INFORMATION GIVEN:

=== Begin Enclosure ===

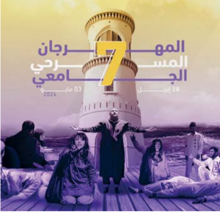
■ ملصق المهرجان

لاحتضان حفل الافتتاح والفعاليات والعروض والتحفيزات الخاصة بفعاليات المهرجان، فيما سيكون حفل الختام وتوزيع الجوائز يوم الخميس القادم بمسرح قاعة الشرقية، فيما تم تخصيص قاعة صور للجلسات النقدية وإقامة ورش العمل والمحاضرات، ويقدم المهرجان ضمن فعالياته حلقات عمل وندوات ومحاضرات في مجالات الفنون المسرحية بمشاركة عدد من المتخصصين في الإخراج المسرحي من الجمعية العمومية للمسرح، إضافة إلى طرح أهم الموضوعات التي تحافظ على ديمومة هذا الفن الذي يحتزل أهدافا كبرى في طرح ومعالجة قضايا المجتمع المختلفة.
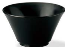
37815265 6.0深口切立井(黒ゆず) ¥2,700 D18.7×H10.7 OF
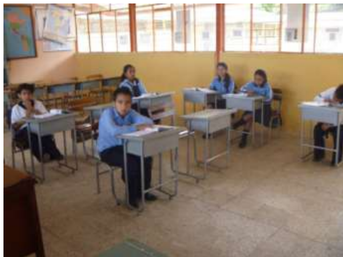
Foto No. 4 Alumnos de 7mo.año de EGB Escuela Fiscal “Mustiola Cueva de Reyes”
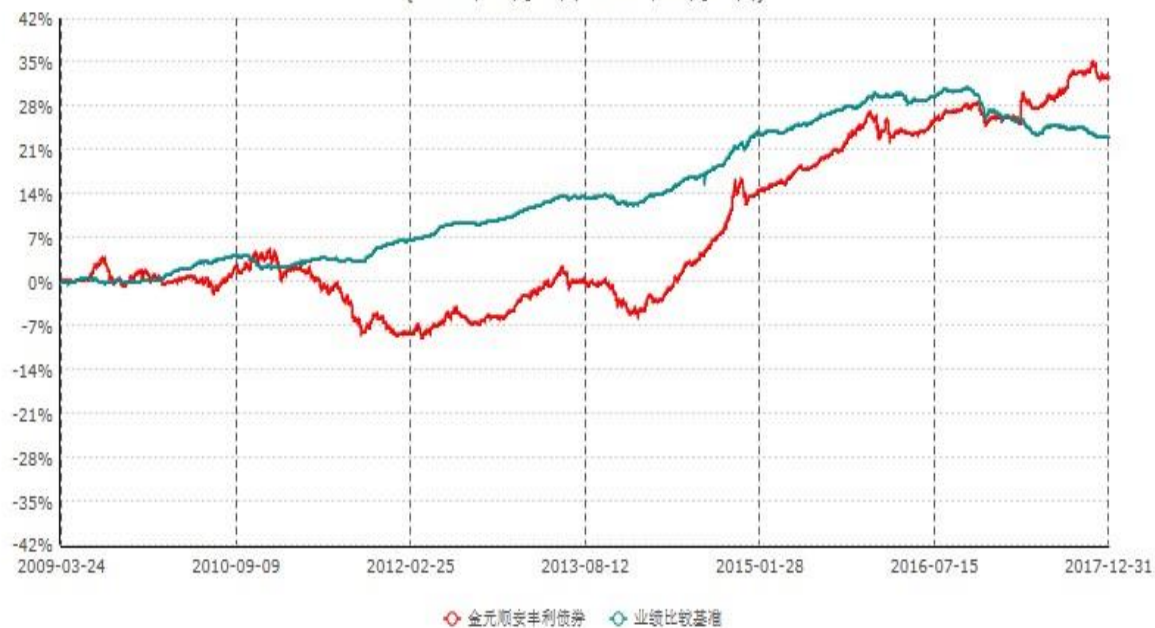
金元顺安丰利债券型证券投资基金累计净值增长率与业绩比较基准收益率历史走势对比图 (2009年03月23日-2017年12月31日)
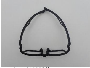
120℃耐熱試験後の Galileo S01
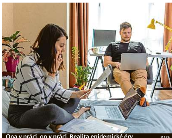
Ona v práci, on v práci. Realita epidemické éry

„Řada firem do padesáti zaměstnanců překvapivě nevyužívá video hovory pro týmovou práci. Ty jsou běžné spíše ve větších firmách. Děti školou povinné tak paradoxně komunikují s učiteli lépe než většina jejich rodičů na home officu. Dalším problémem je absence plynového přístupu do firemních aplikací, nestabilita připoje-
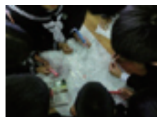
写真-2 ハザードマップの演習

=== End Enclosure ===
=== Begin Enclosure ===

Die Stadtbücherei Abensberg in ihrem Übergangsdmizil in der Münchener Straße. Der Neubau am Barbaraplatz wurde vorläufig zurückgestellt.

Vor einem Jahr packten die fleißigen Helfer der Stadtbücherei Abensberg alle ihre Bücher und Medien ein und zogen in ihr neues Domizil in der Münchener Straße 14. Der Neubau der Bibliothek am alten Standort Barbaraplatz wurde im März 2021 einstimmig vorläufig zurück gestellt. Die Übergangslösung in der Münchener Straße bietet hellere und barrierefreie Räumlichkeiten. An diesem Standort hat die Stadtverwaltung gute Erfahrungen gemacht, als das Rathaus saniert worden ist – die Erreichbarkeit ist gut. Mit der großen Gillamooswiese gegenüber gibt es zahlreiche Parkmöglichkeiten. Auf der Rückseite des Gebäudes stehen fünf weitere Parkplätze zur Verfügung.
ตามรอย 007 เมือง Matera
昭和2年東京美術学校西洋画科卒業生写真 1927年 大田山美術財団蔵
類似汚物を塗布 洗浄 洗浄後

=== End Enclosure ===
=== Begin Enclosure ===

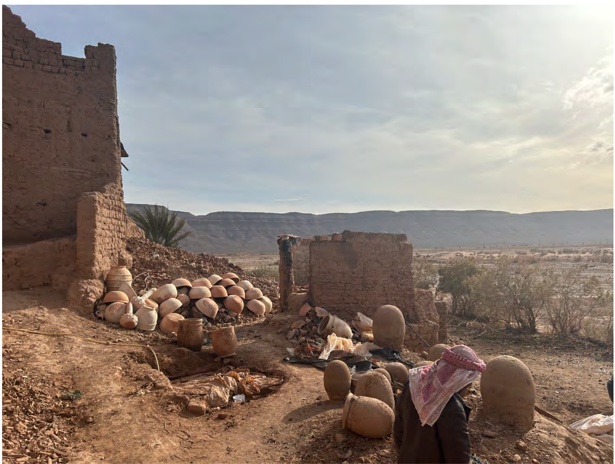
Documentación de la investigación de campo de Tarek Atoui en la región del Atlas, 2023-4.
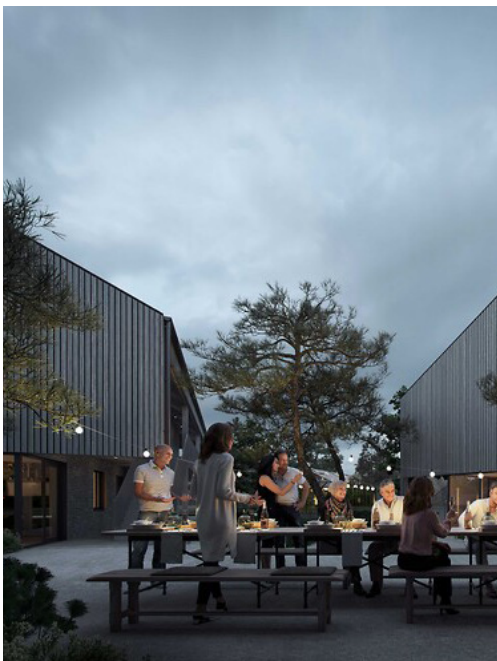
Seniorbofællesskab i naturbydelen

=== End Enclosure ===

WORK REQUEST: The entries above hold the needed span. Transcribe exactly the lines from the one with "Vor einem Jahr" to the one with "類似汚物を塗布 洗浄 洗浄後", both included.

OUTPUT FOR THIS EXERCISE:
Vor einem Jahr packten die fleißigen Helfer der Stadtbücherei Abensberg alle ihre Bücher und Medien ein und zogen in ihr neues Domizil in der Münchener Straße 14. Der Neubau der Bibliothek am alten Standort Barbaraplatz wurde im März 2021 einstimmig vorläufig zurück gestellt. Die Übergangslösung in der Münchener Straße bietet hellere und barrierefreie Räumlichkeiten. An diesem Standort hat die Stadtverwaltung gute Erfahrungen gemacht, als das Rathaus saniert worden ist – die Erreichbarkeit ist gut. Mit der großen Gillamooswiese gegenüber gibt es zahlreiche Parkmöglichkeiten. Auf der Rückseite des Gebäudes stehen fünf weitere Parkplätze zur Verfügung.
ตามรอย 007 เมือง Matera
昭和2年東京美術学校西洋画科卒業生写真 1927年 大田山美術財団蔵
類似汚物を塗布 洗浄 洗浄後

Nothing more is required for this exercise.